Ainsi, les inégalités économiques (répartition des revenus primaires)
reflètent une concurrence juste : elles sont le moteur du progrès. De
plus, les hauts revenus dégagent l’épargne nécessaire à
l’accumulation du capital productif. L’Etat doit veiller à limiter la
redistribution des richesses et réhabiliter la valeur- travail (crise de
légitimité de l’Etat- providence) : aux politiques d’assistance (welfare)

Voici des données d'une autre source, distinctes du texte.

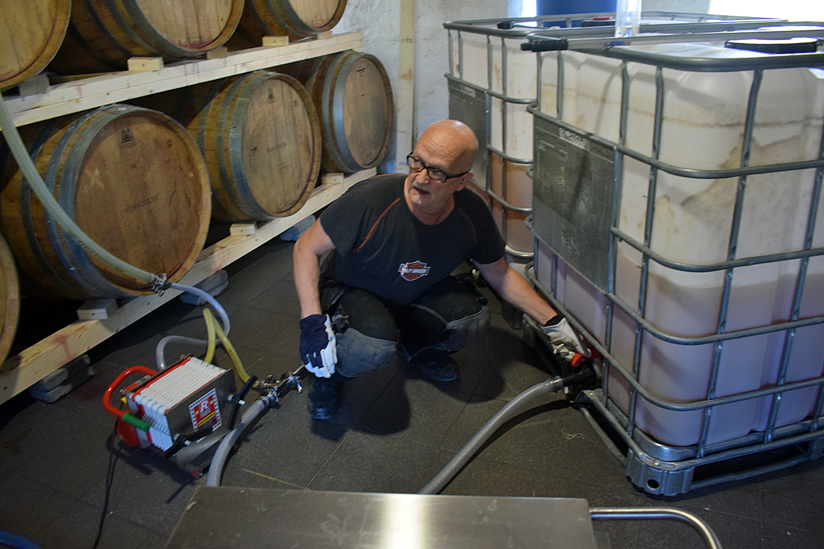 Nu är de första 13 faten fyllda och 5200 liter vört ska ligga till sig i åtta till tolv månader innan den ska blendas och i en del fall också tillsättas frukt eller bär.
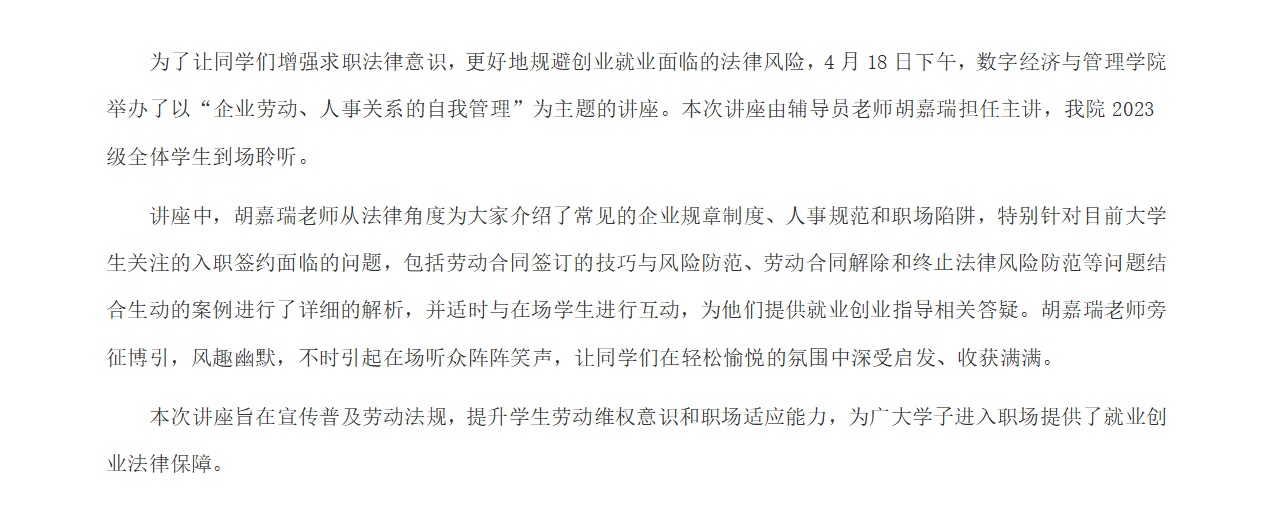 數(shù)字經(jīng)濟(jì)與管理學(xué)院召開求職安全與法制意識宣講會
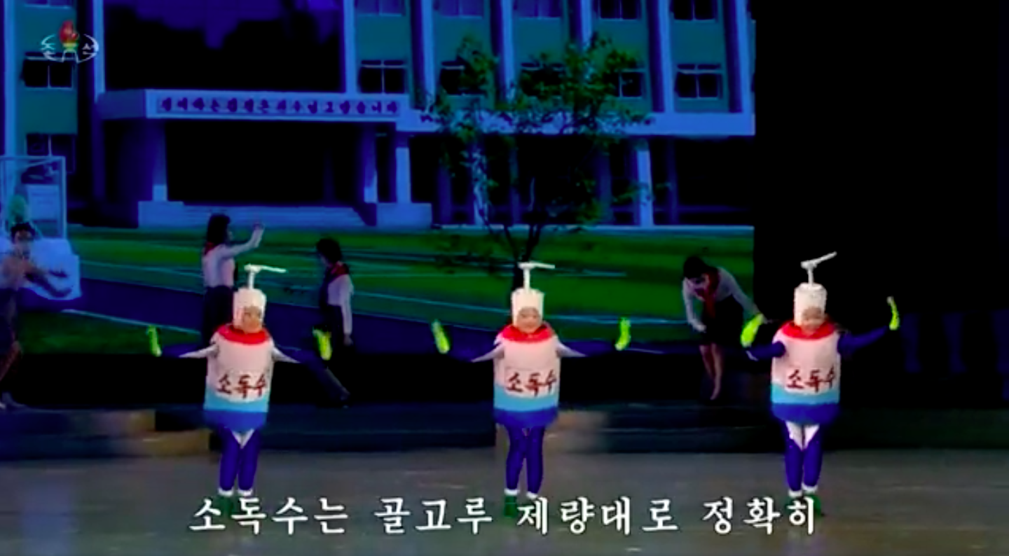 #CoréeduNord 🇰🇵 Des enfants sur scène en costumes de désinfectant pour les mains et de thermomètre, illustrant les mesures visant à empêcher la propagation du #Covid19
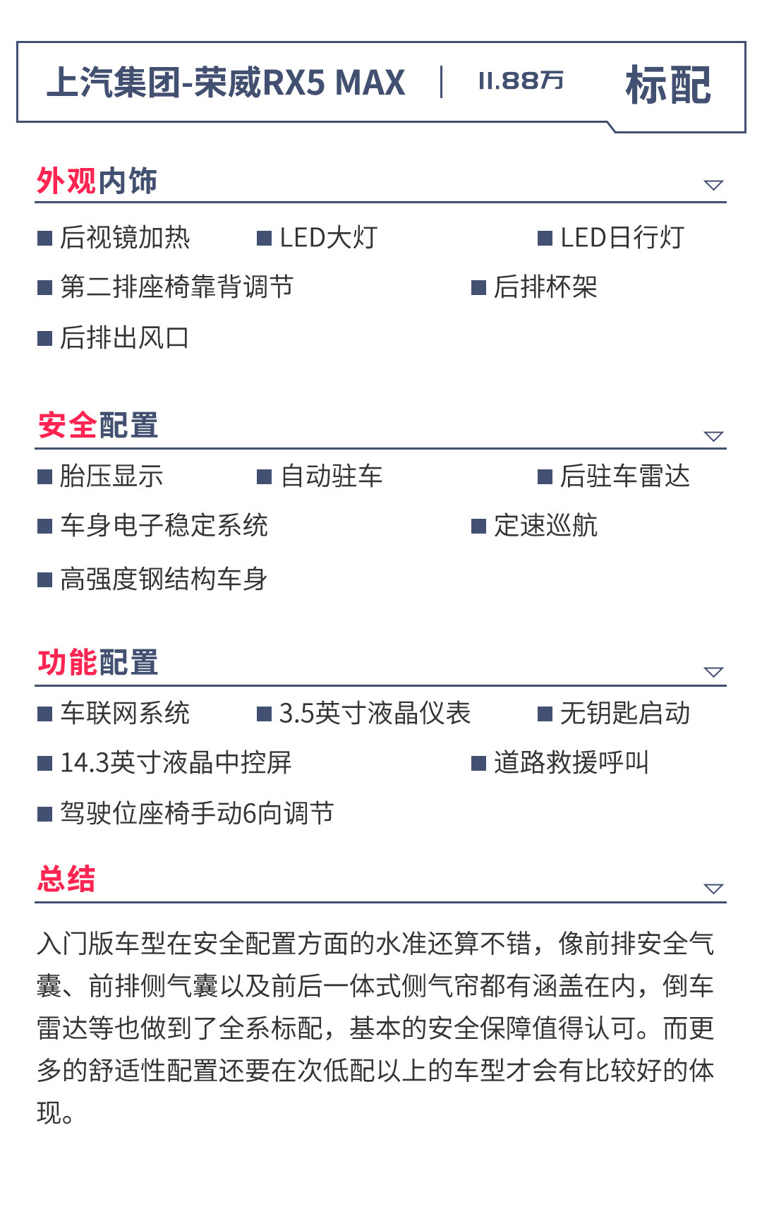 荣威RX5 MAX在11.88-18.98万的售价区间内提供了9款车型选择,售价介于RX5与RX8之间,而动力的选择上除了搭载与RX5相同的1.5T版本,另外还提供了2.0T动力版本以及四驱的选择。
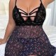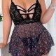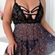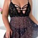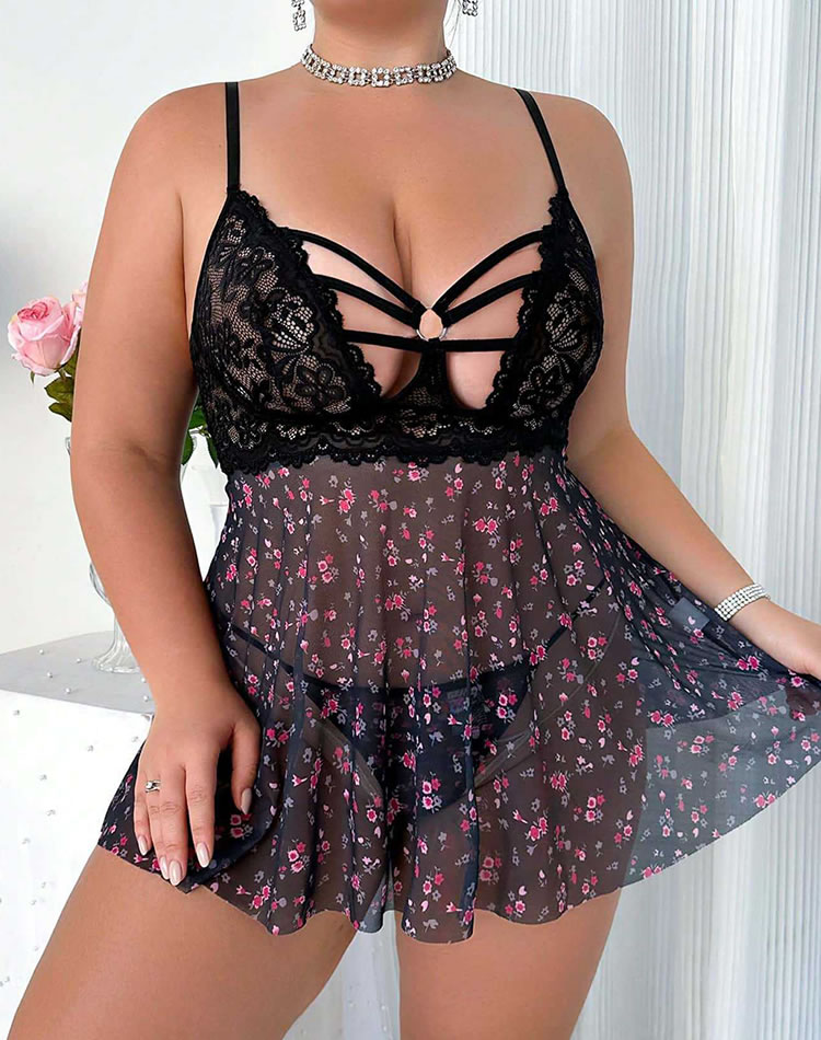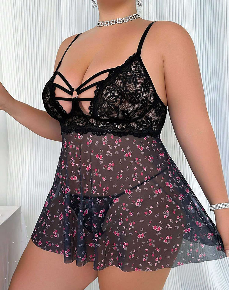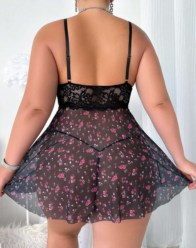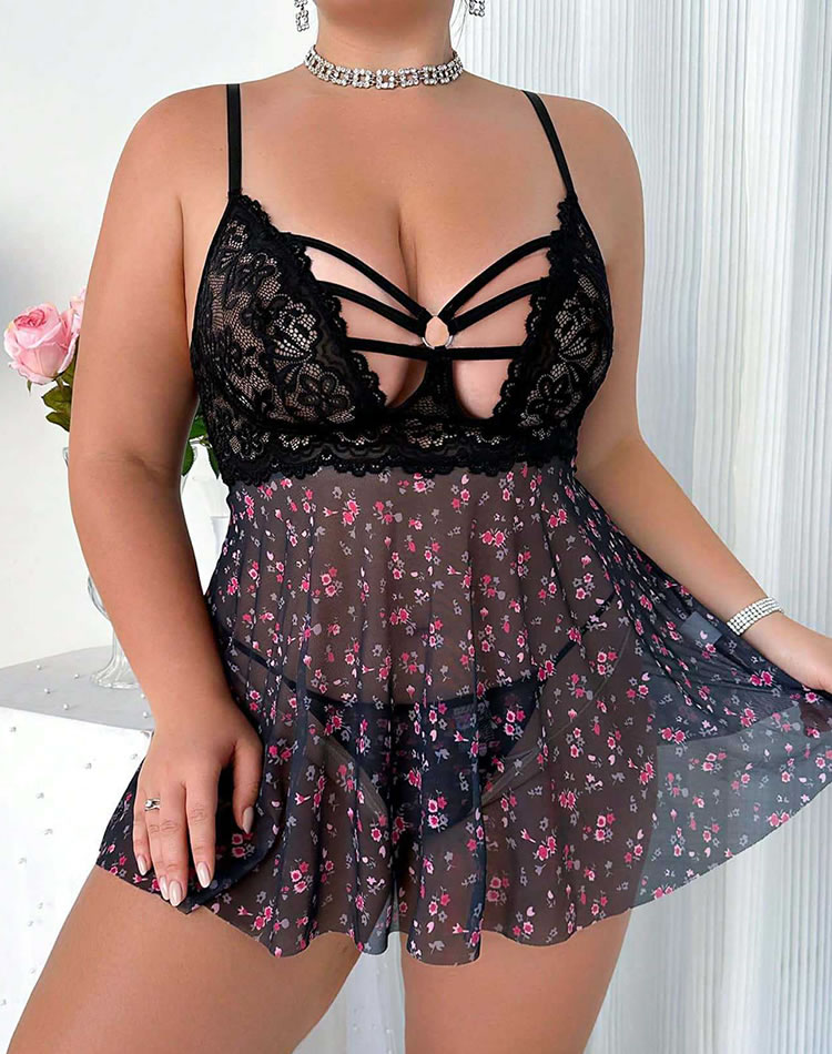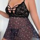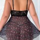 Plus Size Black Lace Babydoll with Floral Mesh Skirt
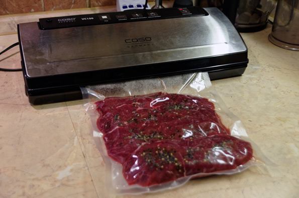 Вакууматор Caso VC 150 проявил себя как высококачественный и удобный в работе прибор. Мы получили большое удовольствие от его тестирования и от достигнутых результатов, создав настоящие деликатесы. Мы оценили гигиеничность, удобство и длительные сроки хранения вакуумированных продуктов, а также в очередной раз поэкспериментировали с технологией су-вид, применив мультиварку в качестве подручного агрегата.
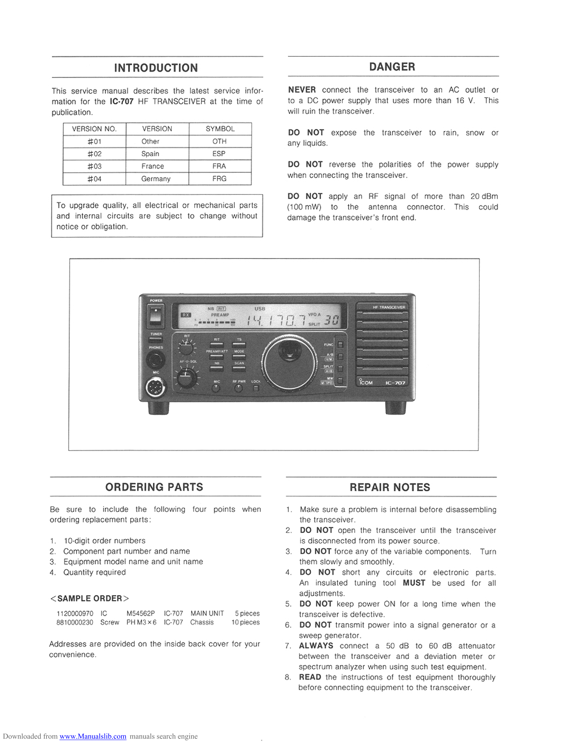 Download or print the Service Manual manual for Icom IC-707 HF Transceiver Service Manual (Pages: 72) today. This manual includes 72 pages of detailed information. Choose to download it or get a professionally printed copy from Manuali.
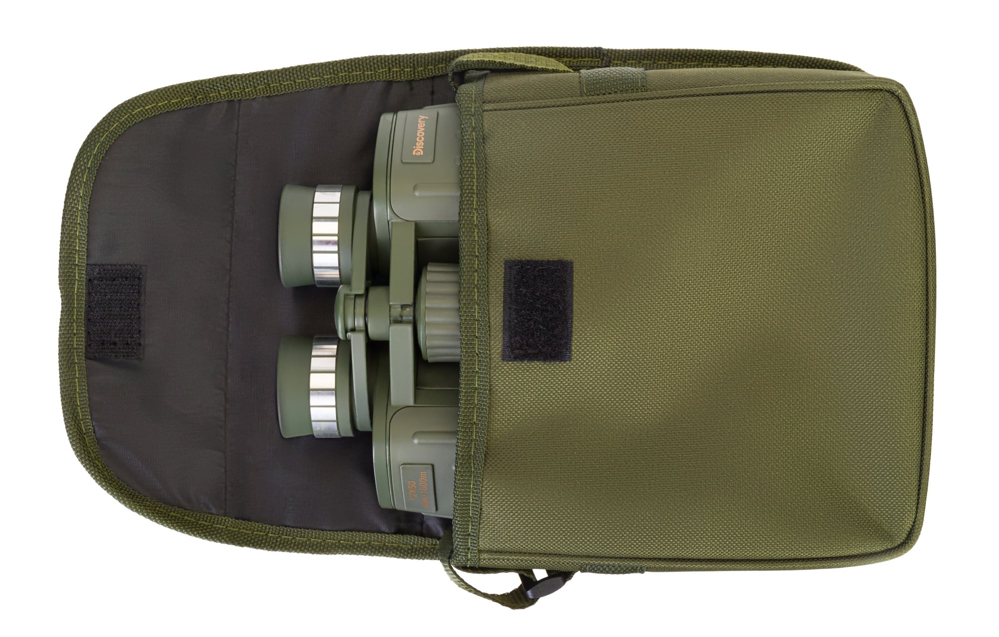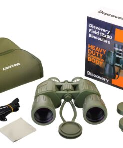 Gli elementi ottici del binocolo Discovery Field 12×50 sono realizzati in vetro BK-7, mentre il suo corpo è in plastica leggera ma robusta. Il rivestimento in gomma del corpo assicura protezione contro qualsiasi danno meccanico, contro le infiltrazioni d’umido e di polvere. Grazie ai rilievi sulla superficie esterna, lo strumento offre una presa comoda e non scivola dalle mani. Le lenti possono essere regolate con la comoda rotella centrale di messa a fuoco, anch’essa rivestita in gomma. Se necessario, è possibile regolare le diottrie per compensare un eventuale differenza di visione tra l’occhio destro e il sinistro.
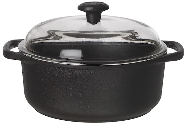 Traditionell gryta med glaslock från Skeppshult. Denna gjutjärnsgryta kan du med rätt skötsel ha hela livet. Grytan har en naturlig non-stickyta av svensk ekologisk rapsolja som förbättras med tiden - gjutjärnskärl är gjorda att hålla år efter år. Trots att värmekällor kommer och går kommer alltid gjutjärnet bestå - denna gryta kan du nämligen ha på alla värmekällor, från öppen eld till induktionshäll. I en väl infettad gjutjärnspanna behövs det dessutom inte mycket fett.
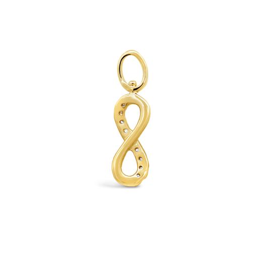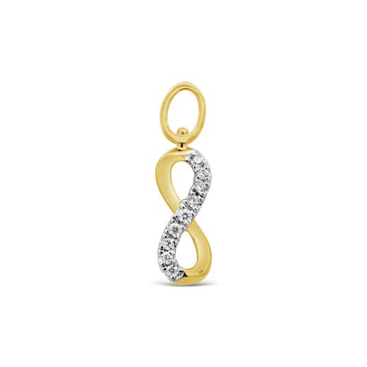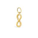 Elevate your jewellery collection with our 10K yellow gold infinity sign charm, adorned with shimmering diamonds. Designed for effortless mix and match, this versatile charm empowers you to create a personalized and timeless style. Pair it with our matching Charmables infinity sign earrings to symbolize eternal love and add a touch of elegance to any ensemble.
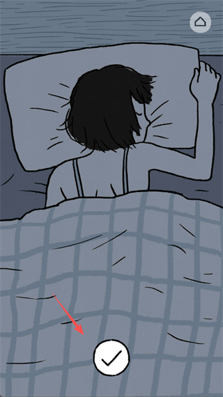 夜晚回到床上,点击床尾的对勾图标,完成一天的生活闭环。

doivent se substituer des politiques fondées sur une contrepartie en
termes de travail (workfare), ce qui favorise l’intégration sociale.
L’Etat doit laisser un maximum de liberté aux entreprises et au
secteur privé et favoriser le dialogue social entre les partenaires
sociaux (patronat et syndicats).
Mais cette théorie aussi se heurte à des limites pratiques dans la
mesure où il est difficile de soutenir que les modèles libéraux font
toujours beaucoup mieux que les modèles interventionnistes en
matière de régulation du marché du travail …
5) Sur le plan des relations internationales :
Dans la même perspective, les Etats doivent veiller à promouvoir le
libre-échange : dans le domaine des échanges de biens et services,
favoriser la multinationalisation des firmes, et l’ouverture aux flux de
capitaux. Les barrières protectionnistes doivent être levées en vertu
des théories classiques de Smith et Ricardo : la spécialisation
internationale et l’ouverture aux échanges permettent une meilleure
allocation des ressources productives et donc un gain mutuel (le
libre-échange profite à tous les partenaires commerciaux). Dans la
théorie néoclassique du commerce international, les pays doivent se
spécialiser dans les productions qui incorporent le facteur de
production détenu en abondance (travail ou capital).
L’insertion dans le marché mondial permet une convergence des
niveaux de vie et un enrichissement de tous les pays.
L’Etat ne serait alors nécessaire que pour organiser la concurrence
et faire respecter des règles (régulation concurrentielle). Il devrait se
désengager en réduisant sa fiscalité et le coût du travail pour doper
la compétitivité- prix des entreprises nationales et attirer les IDE, les
investissements de portefeuille, etc.
L’Intégration économique européenne a d’abord été pensée comme
une zone de libre-échange qui s’appuie sur les principes du
libéralisme économique, et on devrait en rester à cette dynamique…
Mais cette théorie se heurte à des limites pratiques dont les plus
éclatantes sont les crises qui deviennent plus fréquentes avec
l’autonomisation de la sphère financière …
II/ La dynamique de l’Etat et ses limites
1) Le moteur : Face aux limites du libre-marché, on peut observer
que la croissance de long terme peut, voire doit, aussi s’appuyer sur
une mobilisation de la dépense publique capable de stimuler la
productivité des entreprises privées. Ll’Etat peut mettre en œuvre
des dépenses en matière de capital humain pour favoriser la
qualification de la main-d’œuvre, développer les infrastructures
publiques (réseaux de transport, de communication), et promouvoir la
recherche/ développement (technopôles, pôles de compétitivité, etc.).